Second-Order Policy Gradient Methods for the Linear Quadratic Regulator
Amirreza Valaei, Arash Bahari Kordabad, Sadegh Soudjani
TL;DR
This work tackles slow convergence in policy gradient methods by deriving second-order, curvature-aware updates for the discounted LQR. It specializes the general policy-gradient Hessian framework to obtain a closed-form Gauss–Newton surrogate $H(\theta)$ and an explicit exact Hessian $\nabla_{\theta}^2 J(\theta) = H(\theta) + \gamma \Lambda(\theta)$, computable from the Lyapunov solution $P_\theta$ and state-covariance $\Sigma_\theta$ under mild assumptions. The authors demonstrate faster convergence and greater stability on a scalar LQR, an inverted pendulum, and a seismic-building model, with Newton updates achieving quadratic convergence and Gauss–Newton achieving superlinear rates, outperforming first-order policy gradient. This establishes practical, curvature-aware updates for a tractable RL setting and suggests promising extensions to model-free curvature estimation and robust control scenarios.
Abstract
Policy gradient methods are a powerful family of reinforcement learning algorithms for continuous control that optimize a policy directly.
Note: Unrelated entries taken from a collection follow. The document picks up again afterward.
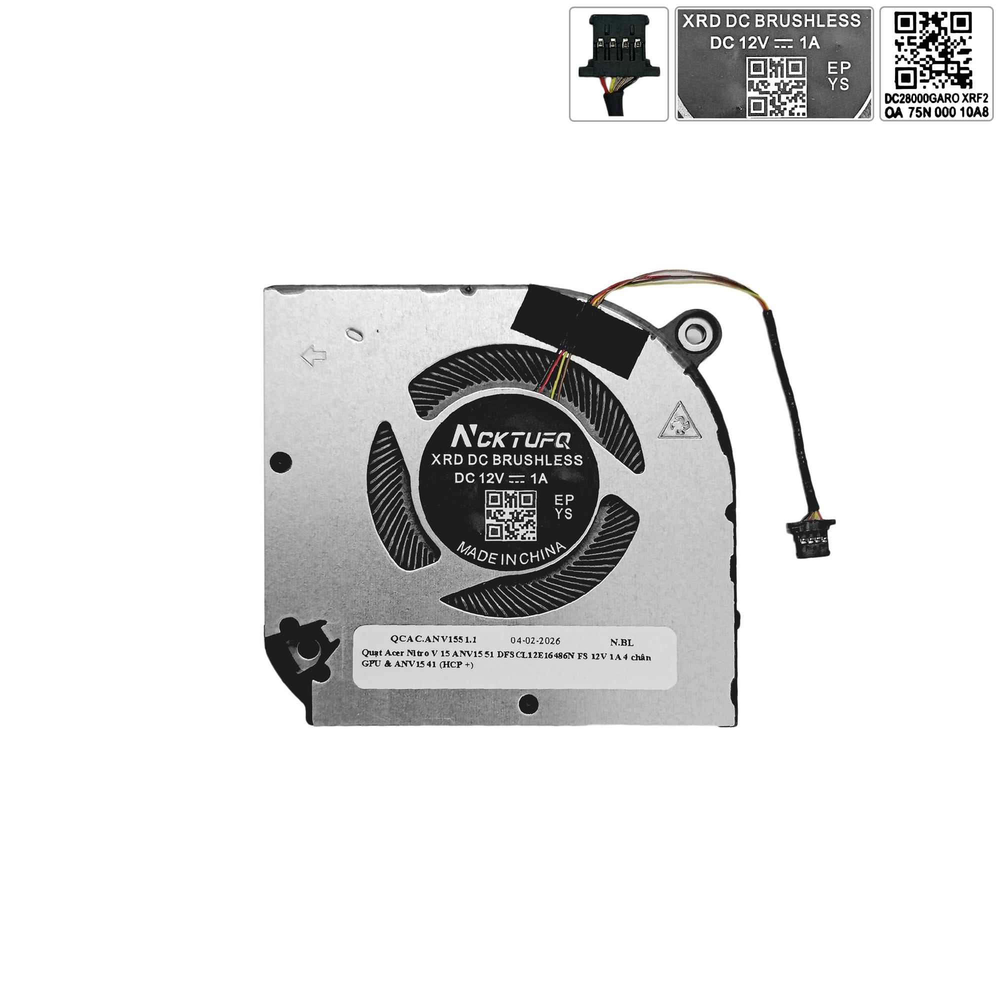Quạt Acer Nitro V 15 ANV15 51 DFSCL12E16486N FS 12V 1A 4 chân GPU & ANV15 41 (HCP +)
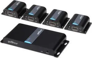 gofanco 1080p 1x4 4 Port HDMI Extender Splitter Over CAT5e/CAT6/CAT7 Ethernet Cable IR Extension, Up to 40m (130ft) at 1080p 60Hz, 1 in 4 Out (HDMIExt4P)
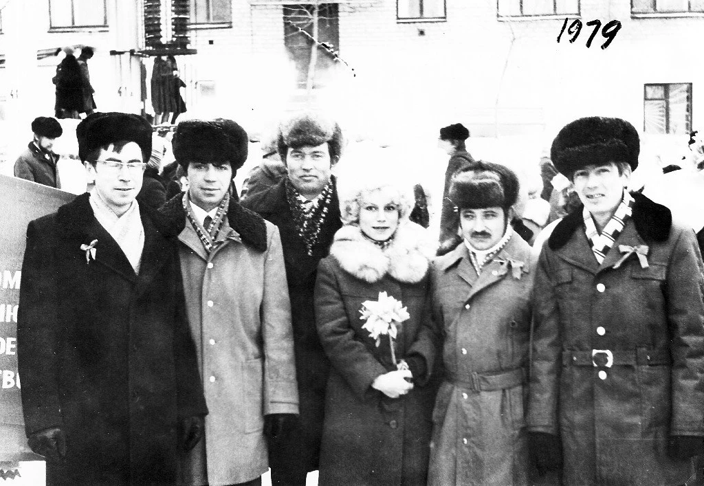 Качканар. КРЗ. 7 ноября 1979 года. На демонстрации. Ахмадеев Р., Загайнов В., Плесовских В.А., Скутин С.З., Игнатович А. Из архива Ивана Канисева
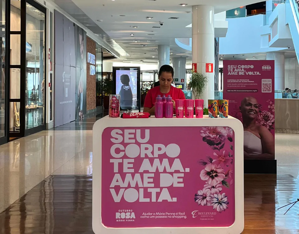 No mês de conscientização sobre o câncer de mama, o Boulevard Shopping BH recebe o Stand Mário Penna, em apoio à campanha Outubro Rosa. Até 15 de outubro, todo o valor arrecadado com a venda de produtos exclusivos no stand será destinado ao tratamento de pacientes oncológicos atendidos pelo instituto, com mais de 50 anos de atuação em Minas Gerais.
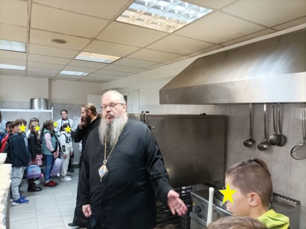 Τα παιδιά φιλοξενήθηκαν στους χώρους του Επιουσίου, όπου δέχτηκαν κεράσματα από τους Πατέρες της Ιεράς Μητρόπολης. Ο Σεβασμιώτατος ξενάγησε τους μαθητές στους χώρους που προετοιμάζονται και παρασκευάζονται τα συσσίτια.
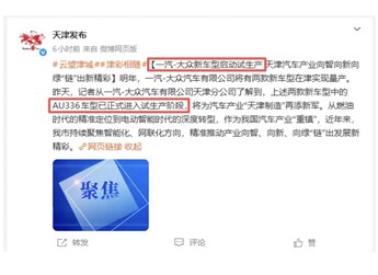 一汽-大众新车型在天津启动试生产,未来推进“油电共线”生产
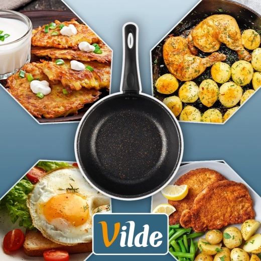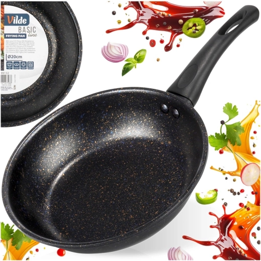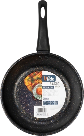 Poêle élégante et résistante de 20 cm de diamètre de la collection VILDE Basic Line, idéale pour la cuisson quotidienne à la poêle et à l’étouffée. Le revêtement granit antiadhésif permet de cuisiner avec un minimum d’huile, les plats n’attachent pas et la poêle se nettoie facilement — y compris au lave-vaisselle.
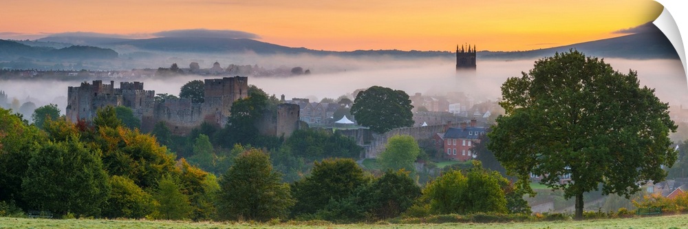 <p>UK, England, Shropshire, Ludlow, Ludlow Castle And St Laurence's Church At Sunrise</p>
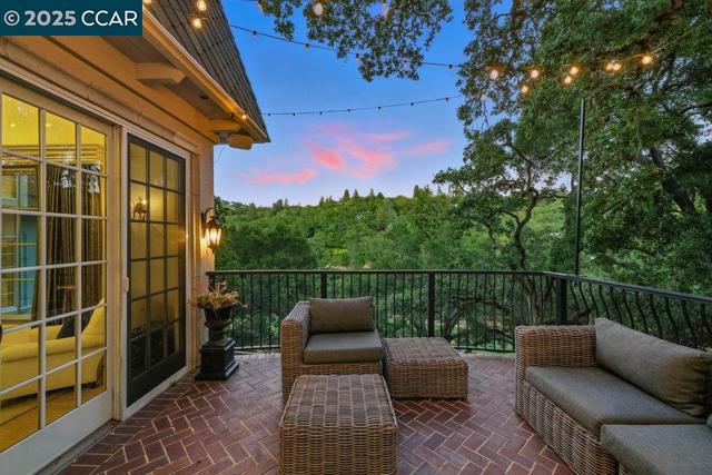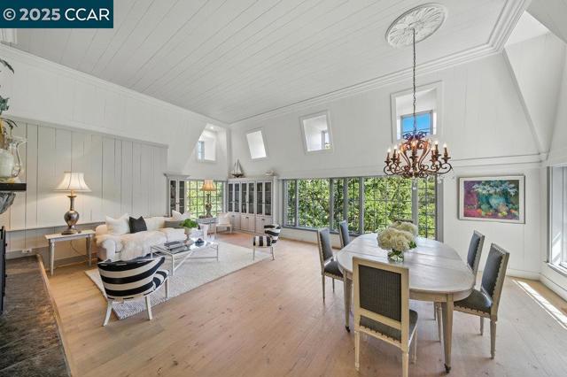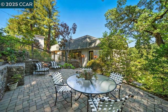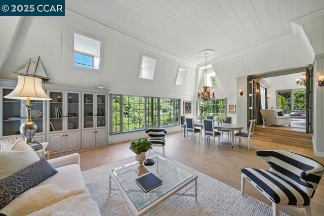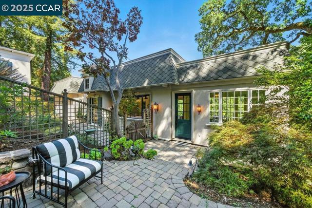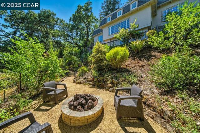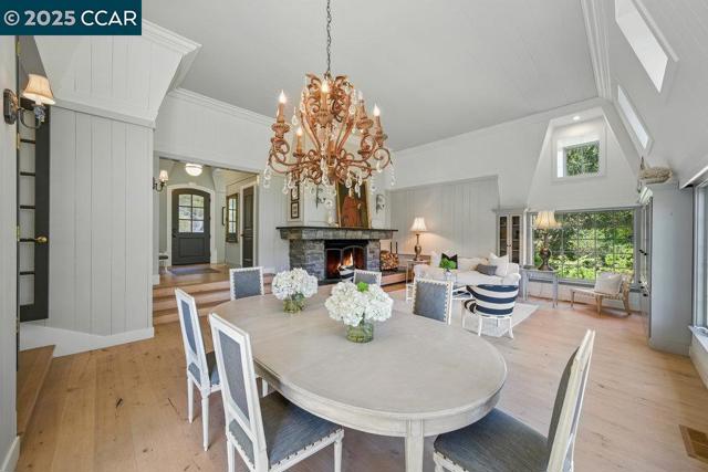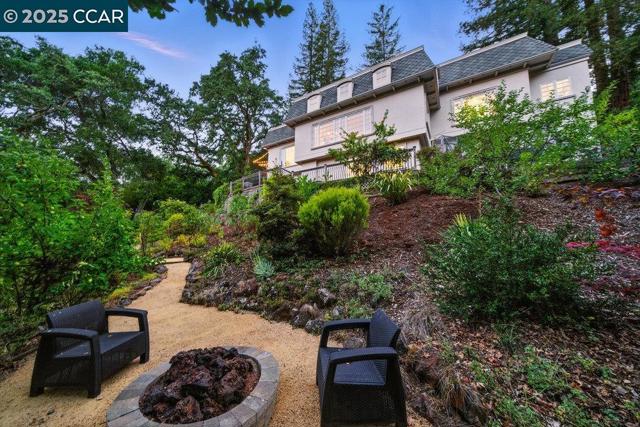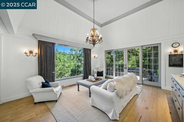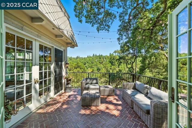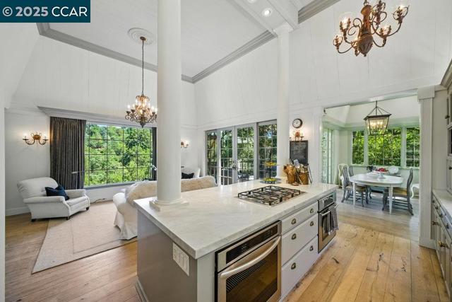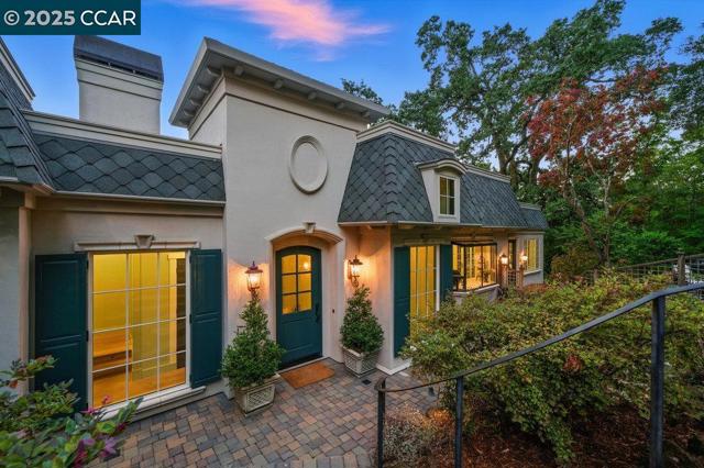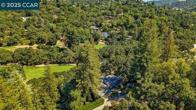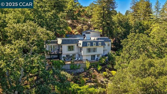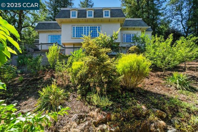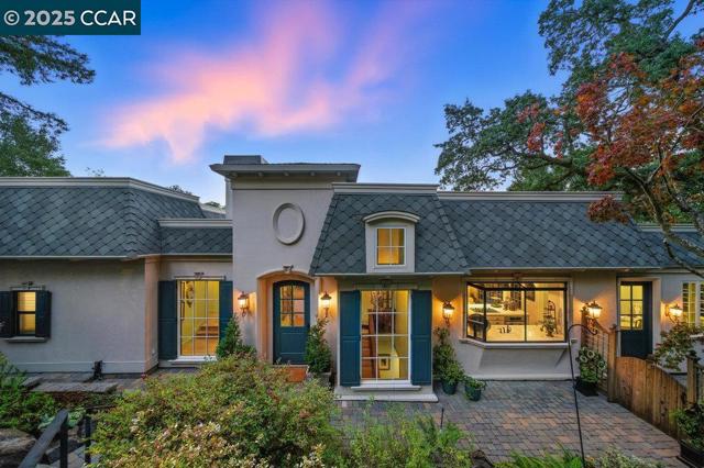 Perched above the 5th Fairway of Orinda Country Club, this stunning French Country home offers sweeping views of the golf course and oak-studded hills. Renovated in 2016, it features soaring ceilings, dormer windows, and walls of glass that fill the home with light and seamlessly blend indoor and outdoor living. The state-of-the-art eat-in kitchen boasts Carrera marble counters, custom cabinetry, a large island, pantry, and charming breakfast room, all opening to a spacious family room and expansive deck. The grand living room is anchored by a dramatic stone fireplace and flows to the elegant dining area, perfect for entertaining. The serene primary suite includes a private office, luxurious bath, and cedar-lined walk-in closet. Downstairs offers three additional bedrooms, one en suite, an updated bath, and a flexible bonus area. With European white oak floors, new roof, beautifully landscaped yard, gas fire pit, and timeless architectural details, this home is a rare Orinda gem. All this charm in a fantastic centrally located location - moments from down town Orinda, Orinda Country Club and all k-12 years of top rated schools. Welcome Home!

However, standard first-order methods often converge slowly. Second-order methods can accelerate learning by using curvature information, but they are typically expensive to compute. The linear quadratic regulator (LQR) is a practical setting in which key quantities, such as the policy gradient, admit closed-form expressions. In this work, we develop second-order policy gradient algorithms for LQR by deriving explicit formulas for both the approximate and exact Hessians used in Gauss--Newton and Newton methods, respectively. Numerical experiments show a faster convergence rate for the proposed second-order approach over the standard first-order policy gradient baseline.